Companies that build durable businesses grow more slowly, and there’s a reason: Compaq, Groupon, and Zynga all figured out their unit economics quickly, and because they were interacting with large platforms, they could scale arbitrarily fast. Once Compaq knew how much it cost to get commodity PC parts, assemble them, and install Windows, it could multiply that number by hundreds of thousands of PCs and know roughly what kind of profit it could make. And Microsoft and Intel had no trouble producing additional processors or copies of Windows.
The pattern repeats often enough that it might be an economic law: if you can build a company that scales fast by consuming some kind of input that’s a) sold by one company, and b) that appears to have perfectly inelastic pricing, then what that company will do is use its superior competitive position to eliminate your profits, either nicely by charging enough money to wipe out your margin or cruelly by encouraging other competitors to duplicate your easily-copied model.
Build Out
CoreWeave has pursued an asset-light approach to physical infrastructure, leasing all of its data centers and office locations rather than building from scratch. In one of their larger expansion moves, CoreWeave planned to spend $1.2bn to acquire 70MW of data center space from Core Scientific in Denton, Texas. For context, industry estimates suggest it costs approximately $1bn to build a 100MW center from the ground up. CoreWeave’s acquisition strategy reflects both the premium they’re willing to pay for speed-to-market and the intense competition for AI-ready infrastructure with sufficient power capacity. Energy availability is the most critical bottleneck, and CoreWeave seems willing to pay a hefty premium.

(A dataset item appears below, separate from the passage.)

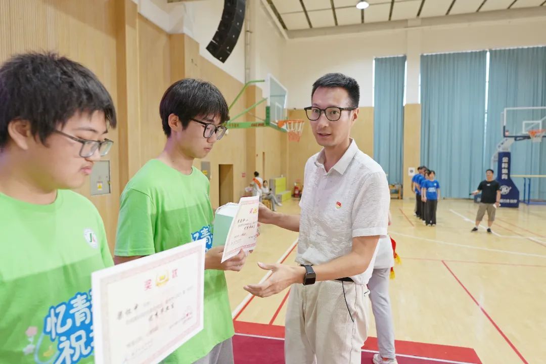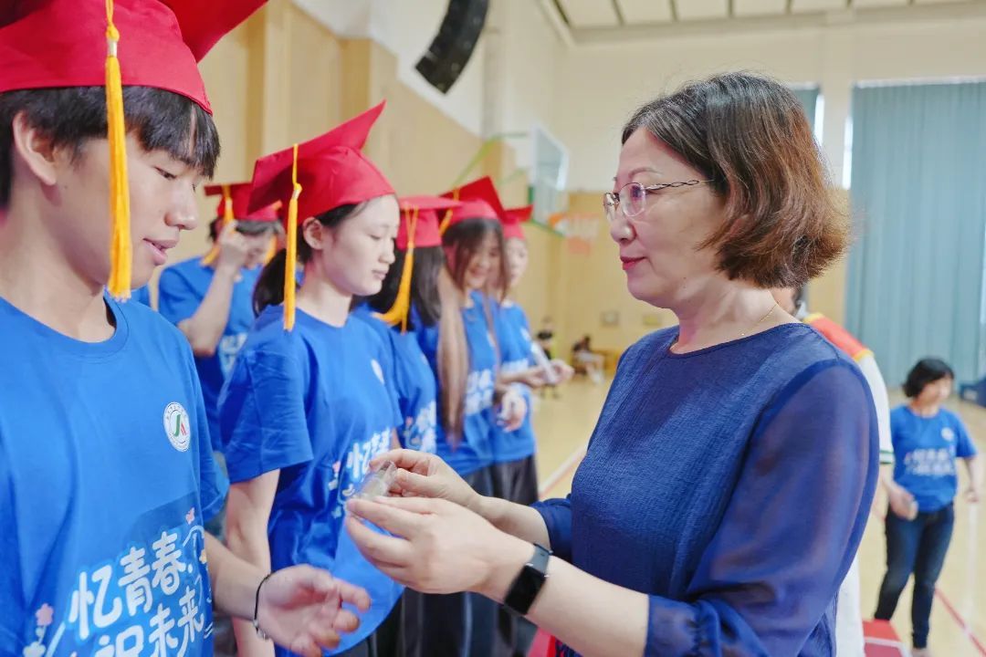 南京市建宁中学副校长张爱华代表学校向毕业生赠送定制纪念礼物,每件礼物都镌刻着专属的青春印记,寄托着母校对学子的深切期许。

On the chip front, CoreWeave faces a single-supplier dependency. With Nvidia holding a 5% ownership stake and providing all 250,000+ of CoreWeave’s GPUs, their negotiating position for hardware pricing is severely constrained. This arrangement gives Nvidia significant influence over CoreWeave’s unit economics while simultaneously benefiting from the company’s rapid expansion as both a supplier and investor.
CoreWeave’s $15.1bn in Remaining Performance Obligations necessitates scaling infrastructure at a breakneck pace to support $3.8bn in annual revenue over the next four years—nearly twice the firm’s revenue in FY24. Whether they can lease sufficient capacity fast enough (and at tolerable rates) will be the make-or-break factor in delivering on those contracts.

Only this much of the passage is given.